* [About this exercise] Without the pictures, set down every line of the data exactly.

##########

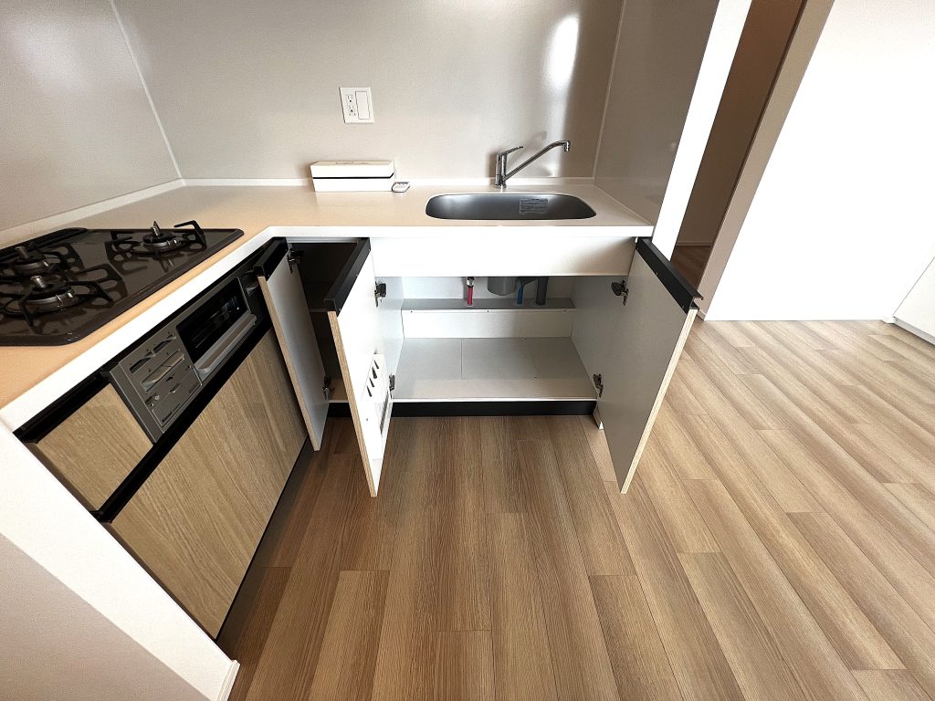 シンク下収納は大きな鍋やフライパン、キッチン家電なども収納できる大容量のスペースです
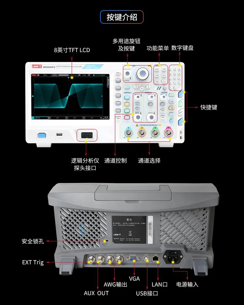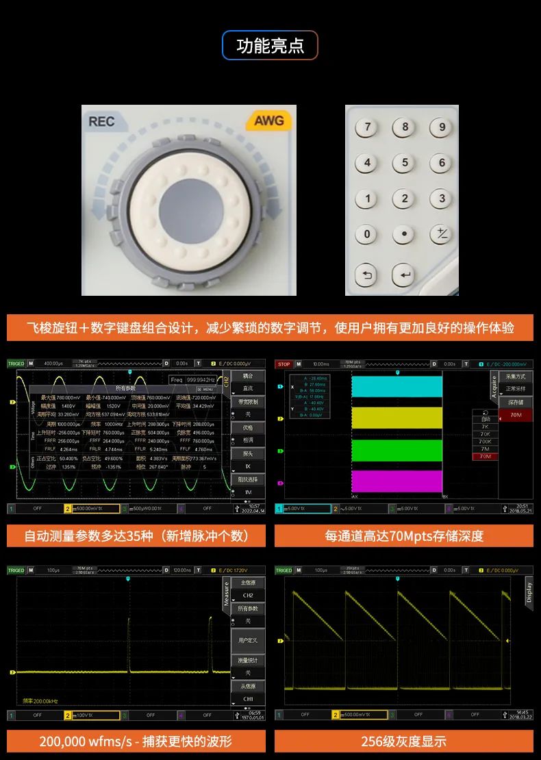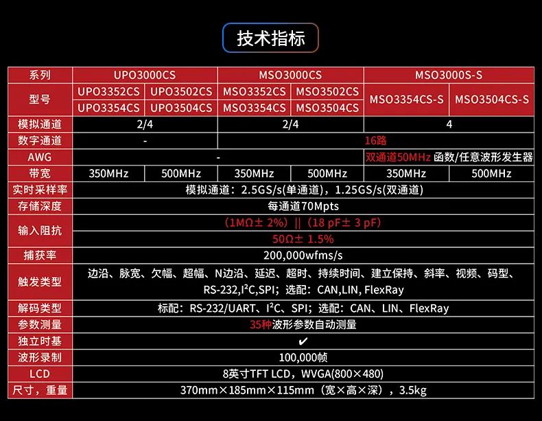 UPO/MSO3000CS、MSO3000CS-S系列采用了UNI-T新創(chuàng)的數(shù)字三維技術(shù)可實(shí)現(xiàn)深存儲(chǔ),高波形捕獲率,實(shí)時(shí)波形錄制/回放功能,多級(jí)灰度顯示等功能,該系列新配置350MHz/500MHz 2個(gè)級(jí)別帶寬,實(shí)時(shí)采樣率高達(dá)2.5GS/s,提供2/4通道共8個(gè)型號(hào),標(biāo)配存儲(chǔ)深度每通道高達(dá)70Mpts,波形捕獲率20萬個(gè)波形每秒,硬件實(shí)時(shí)波形不間斷錄制和波形分析功能支持錄制不低于8萬個(gè)波形,多達(dá)256級(jí)的灰度顯示。
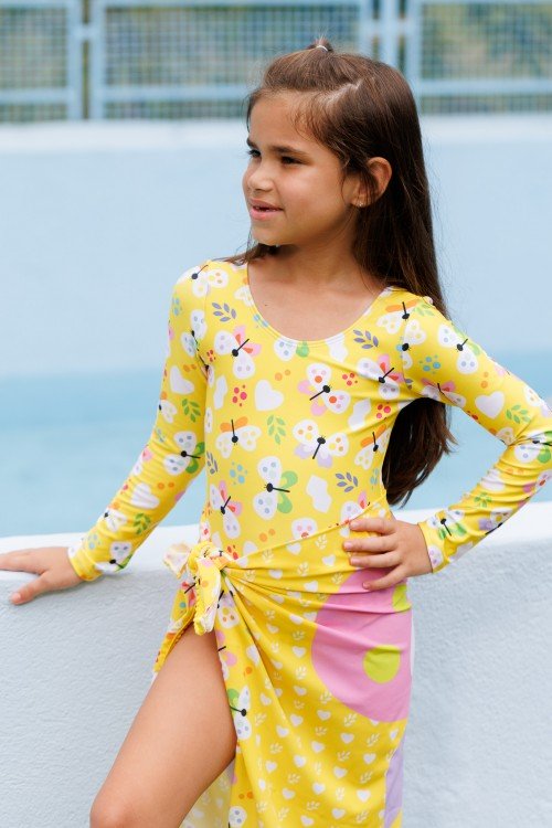 body maio com bojo removível decote quadrado estampa pontilhismo
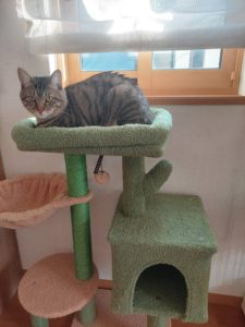 奥さんは常日頃から2階のリビングから外を見る小太郎の場所を整えるため、キャットタワーを購入!
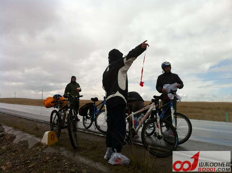 环湖第三天,早上醒来发现下雨夹雪了。很冷。吃早饭的时候听别的骑友说这一路只有46公里外的泉吉可以吃午饭。本来行程最轻松的一天,却因为天气原因变得没那么容易。突如其来的冰雹让天气更冷了,我们艰难的往前赶路,也有好心的自驾车主示意我们要不要搭车。我们的冲锋衣都还算给力,懒得穿雨衣了。骑了一会儿我果断喊停,让大裴把他们公司的方便袋贡献出来,每个人套在鞋上。如果鞋子湿了就不好干了。 一阵冰雹过后是一阵大雾,能见度不足50米,地理没学好,也不知道为啥。 虽然一路走来吃了很多家面片,都实惠而且好吃,但午饭在泉吉那家吃的肉末面片真的特别香。 放晴后的天,被雨雪冰雹洗刷的格外的蓝。{:soso_e176:}心情也变得轻松,不过骑行的速度依旧慢。
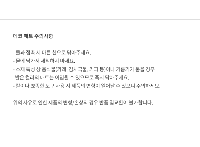 - 단순 변심에 의한 교환이나 반품은 고객님께서 왕복 택배비를 부담해주셔야 합니다.
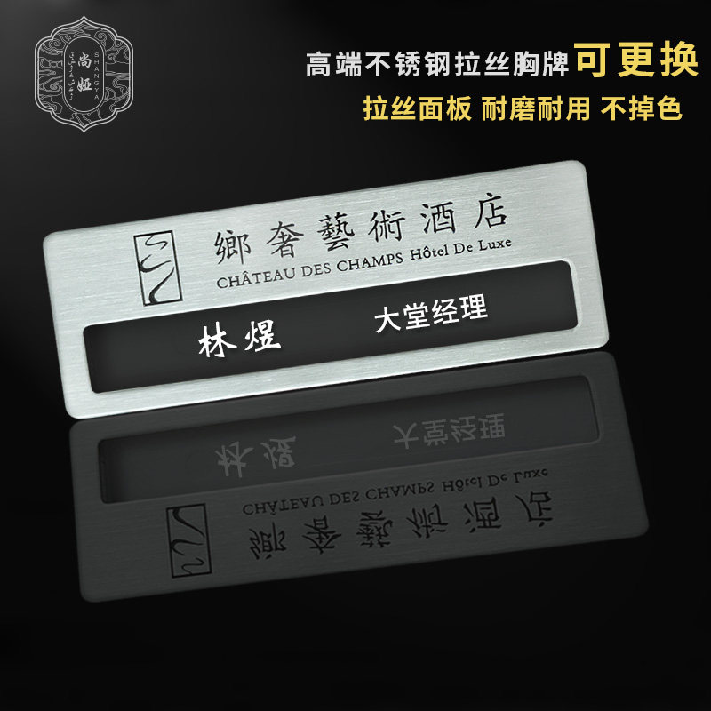Work number plate Last name Work card stainless steel Dingmade metal working card magnet Don't pin-style breast card staff order to do
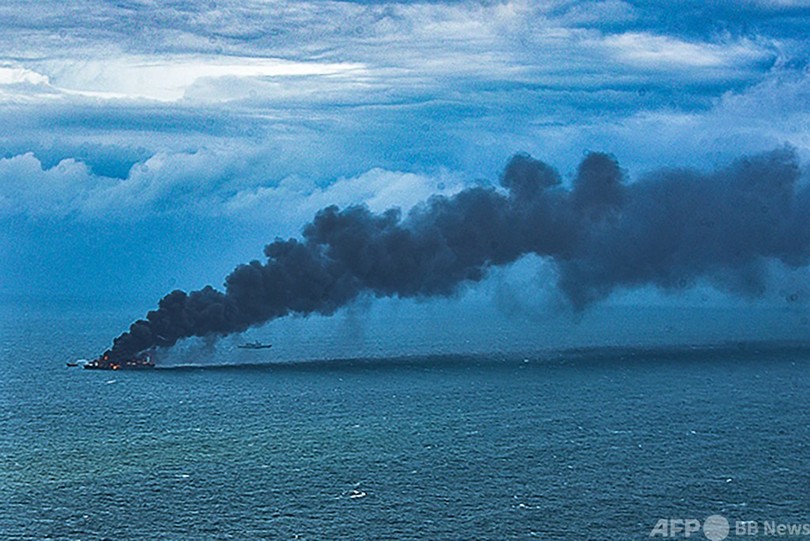 インド東部に上陸したサイクロンに伴う強風により、消火作業は難航。船体からは大きな黒煙が立ち上っている。スリランカ空軍は26日、ヘリコプターで難燃剤約425キロを散布。スリランカの海洋環境保護局(MEPA)は、化学物質や燃料が流出する事態に備え、封じ込め措置を準備していると発表した。(c)AFP
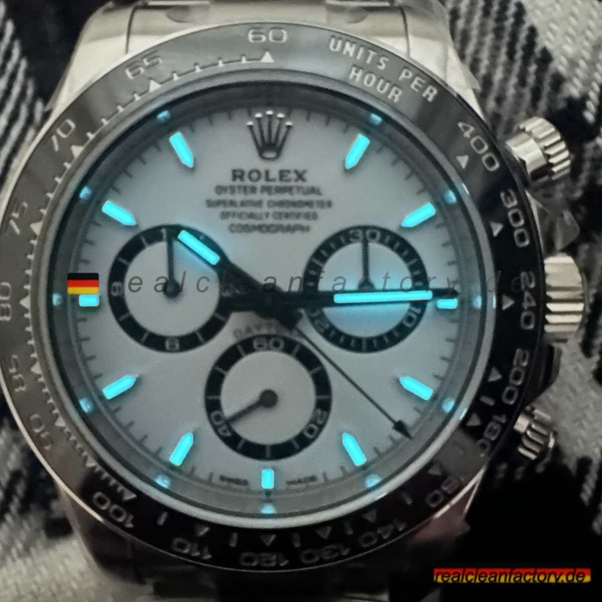 • Die Rolex Daytona Panda? Das war fast zu ehrgeizig zum Anfassen. Die Clean Factory 126500LN-0001 --- weißes Zifferblatt, schwarze Subdials, die Ikone, die alle anstarren --- und wir sind voll reingegangen. Der beängstigende Teil? Es kam so nah raus, dass echte Uhrmacher uns anrufen, um unsere Teile für echte Reparaturen zu kaufen.

##########

* [Solution to the exercise]
 シンク下収納は大きな鍋やフライパン、キッチン家電なども収納できる大容量のスペースです
 UPO/MSO3000CS、MSO3000CS-S系列采用了UNI-T新創(chuàng)的數(shù)字三維技術(shù)可實(shí)現(xiàn)深存儲(chǔ),高波形捕獲率,實(shí)時(shí)波形錄制/回放功能,多級(jí)灰度顯示等功能,該系列新配置350MHz/500MHz 2個(gè)級(jí)別帶寬,實(shí)時(shí)采樣率高達(dá)2.5GS/s,提供2/4通道共8個(gè)型號(hào),標(biāo)配存儲(chǔ)深度每通道高達(dá)70Mpts,波形捕獲率20萬個(gè)波形每秒,硬件實(shí)時(shí)波形不間斷錄制和波形分析功能支持錄制不低于8萬個(gè)波形,多達(dá)256級(jí)的灰度顯示。
 body maio com bojo removível decote quadrado estampa pontilhismo
 奥さんは常日頃から2階のリビングから外を見る小太郎の場所を整えるため、キャットタワーを購入!
 环湖第三天,早上醒来发现下雨夹雪了。很冷。吃早饭的时候听别的骑友说这一路只有46公里外的泉吉可以吃午饭。本来行程最轻松的一天,却因为天气原因变得没那么容易。突如其来的冰雹让天气更冷了,我们艰难的往前赶路,也有好心的自驾车主示意我们要不要搭车。我们的冲锋衣都还算给力,懒得穿雨衣了。骑了一会儿我果断喊停,让大裴把他们公司的方便袋贡献出来,每个人套在鞋上。如果鞋子湿了就不好干了。 一阵冰雹过后是一阵大雾,能见度不足50米,地理没学好,也不知道为啥。 虽然一路走来吃了很多家面片,都实惠而且好吃,但午饭在泉吉那家吃的肉末面片真的特别香。 放晴后的天,被雨雪冰雹洗刷的格外的蓝。{:soso_e176:}心情也变得轻松,不过骑行的速度依旧慢。
 - 단순 변심에 의한 교환이나 반품은 고객님께서 왕복 택배비를 부담해주셔야 합니다.
Work number plate Last name Work card stainless steel Dingmade metal working card magnet Don't pin-style breast card staff order to do
 インド東部に上陸したサイクロンに伴う強風により、消火作業は難航。船体からは大きな黒煙が立ち上っている。スリランカ空軍は26日、ヘリコプターで難燃剤約425キロを散布。スリランカの海洋環境保護局(MEPA)は、化学物質や燃料が流出する事態に備え、封じ込め措置を準備していると発表した。(c)AFP
 • Die Rolex Daytona Panda? Das war fast zu ehrgeizig zum Anfassen. Die Clean Factory 126500LN-0001 --- weißes Zifferblatt, schwarze Subdials, die Ikone, die alle anstarren --- und wir sind voll reingegangen. Der beängstigende Teil? Es kam so nah raus, dass echte Uhrmacher uns anrufen, um unsere Teile für echte Reparaturen zu kaufen.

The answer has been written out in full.